Sade Adeniran (12, Nov 2007)
Living the Dream
When Literary Agent Toby Eady developed flu hours before the Women Writer’s Network November meeting it seemed as if the chances of finding a replacement were nil. Then Sade Adeniran, WWN Board member and author of ‘Imagine This’, a novel about a young girl growing up in a small Nigerian village, stepped in to give an inspiring talk on how her novel came to be published. Helen Pearse reports.
Sade Adeniran began writing at a young age as a way of communicating with her emotionally distant father. “I discovered that if I wrote letters to him I could make him listen and get across what I was trying to say more easily than if I spoke directly to him,” she smiles. Her first piece of professional writing came in the form of a play for Radio Four called ‘Memories of a Distant Past’. Then came the novel. Sade began writing ‘Imagine This’ in 1998 whilst working full time as a Marketing Executive. The book took five years to finish. Every year for five years she would take the whole of December off work and write non-stop.
“Friends and family read the book. I sent it to fifteen agents and about twenty publishers. I always got a response – not an out and out rejection. So I just kept the novel under my bed. And then I realised that I had to live my dream. I quit my job and went to Spanish Writers Retreat for a month to write. It was there that I made the decision to self publish,” Sade explained, “in a sense I approached it as a creative process, not a business enterprise.” Sade bought herself an ISBN for £100 and visited the London Book Fair where she found a printer. It cost her over £2,000 to have 1,100 copies printed. The book began selling through independent bookstores and via Amazon, but Sade cautions against setting the price of a book too low, “my price didn’t factor in postage or the fact that Amazon take 60% of the cover price.”

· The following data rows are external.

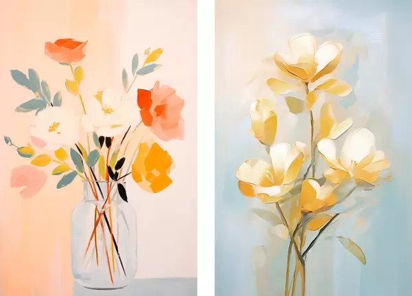 Poster Bloemen in een vaas: tekenen in de stijl van olieverfschilderijen d00636
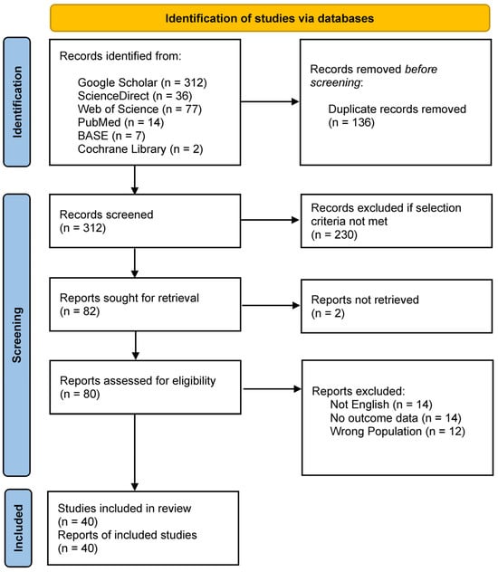 A total of 448 records were identified through systematic database searches. After removing 136 duplicates, 312 records remained for title and abstract screening. Of these, 230 were excluded for not meeting the eligibility criteria. The full texts of the remaining 80 reports were assessed for eligibility, resulting in the inclusion of 40 studies in the final systematic review. The flow chart of data selection is shown in Figure 1.
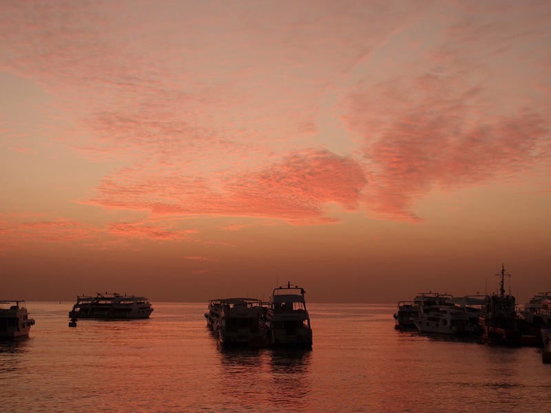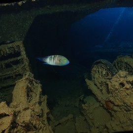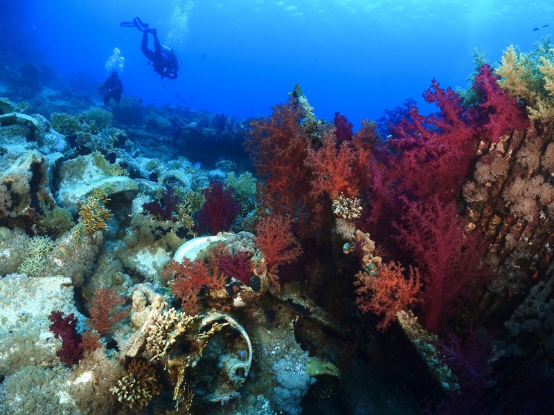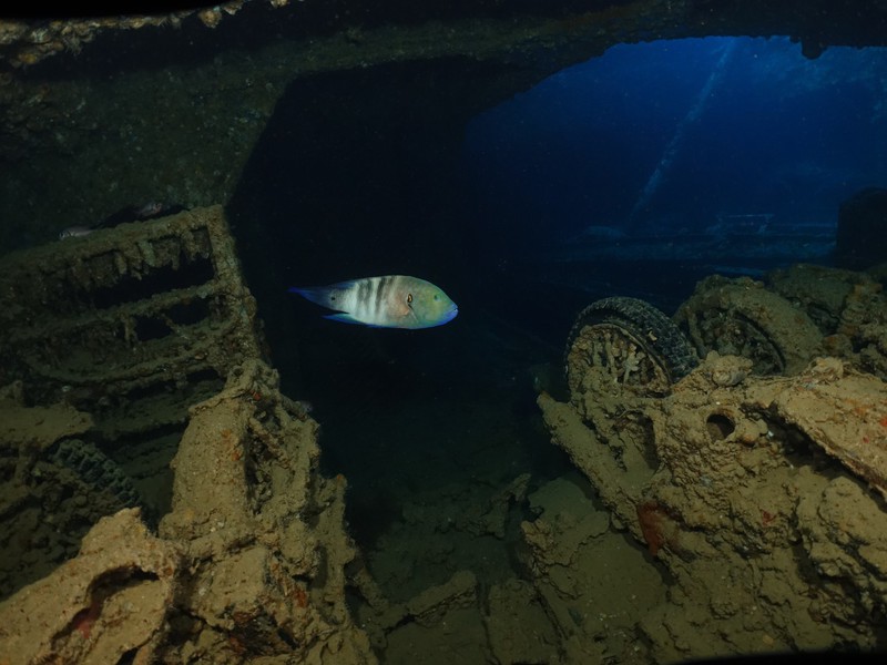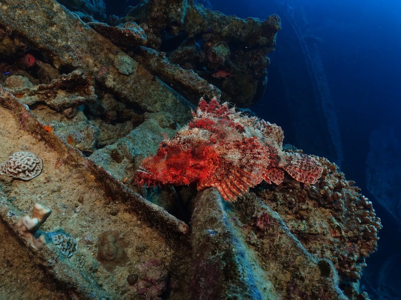 Bei den Tauchgängen am Wrack der SS Thistlegorm nordwestlich von Ras Mohammed beschleicht mich hingegen ein seltsames Gefühl während ich die Innenräume des riesigen, englischen Transportschiffes durchtauche, das 1941 von den Deutschen abgeschossen wurde. Die Waggons, die geladenen Motorräder, die Autos, die Munition hinterlassen einen beängstigend realen Eindruck, sodass sich mein Herz zu meinem eigenen Erstaunen kurz vor Schrecken weitet. Lediglich die riesigen zerfetzten Stiefel kaufe ich ihnen nicht ab, ich halte es für schlichtweg unvorstellbar, dass diese seit fast 80 Jahren so gut wie unverrottet am Meeresgrund liegen sollten - ich gehe davon aus, dass diese irgendjemand nachträglich am Wrack platziert hat (auch wenn mein Guide versichert, diese wären schon immer da gewesen). Dennoch verursacht mir das Wrack das seltsame Gefühl einer eindringlichen, intensiven Realität; die dramatischen Ereignisse des 6. Oktober 1941 scheinen fast greifbar, eine Wirklichkeit, die mir - für mich völlig unerwartet - durch Haut und Knochen dringt. In einem umso seltsameren Gegensatz dazu steht das Meeresleben am Wrack, das ganz gelassen so tut, als wäre es völlig normal, dass all dies hier am Meeresgrund liegt. Skorpionsfische dösen auf altem Metall, Fledermausfische und Makrelen umschwärmen den gewaltigen Bug, eine Schildkröte hat einen der Aufenthaltsräume des alten Kriegsschiffes als Wohnung auserkoren, Krokodilsfische liegen am Oberdeck als wären sie hier als Matrosen angestellt. Eine neue eigenartige Mannschaft von Meereskreaturen steuert nun scheinbar das gewaltige alte englische Schiff. Der Krieg ist längst vorüber, scheinen sie sagen zu wollen.
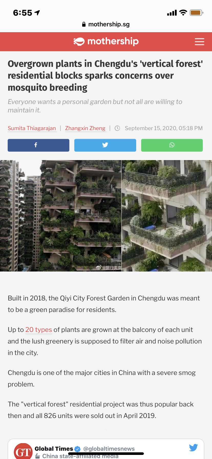 Posted September 15, 20205 yr Staff Source & Credit: Mothership.sg September 15, 2020 Overgrown plants in Chengdu's 'vertical forest' residential blocks sparks concerns over mosquito breeding

The book now seems to be taking on a life of it’s own via word of mouth and reviews on the internet. Claire Christian from the Friday Project was very complimentary, and publisher Kirsten Clarke was impressed by a review written by former Waterstones’ buyer, Scott Pack, on his blog. Agents William Morris and Robin Wade have also expressed an interest in representing her. In the meantime Sade has been hard at work giving talks in local libraries and promoting her work world wide. ‘Imagine This’ is being considered as reading material at a University in Nigeria.
Sade is currently working on her second book and to help with getting the word out, is hoping that ‘Imagine This’ gets shortlisted for something. “It was little things that kept me going,” she recalls, “like a friend calling at 3am having finished the book and telling me ‘this is amazing!’ Little things like that make up for everything else.”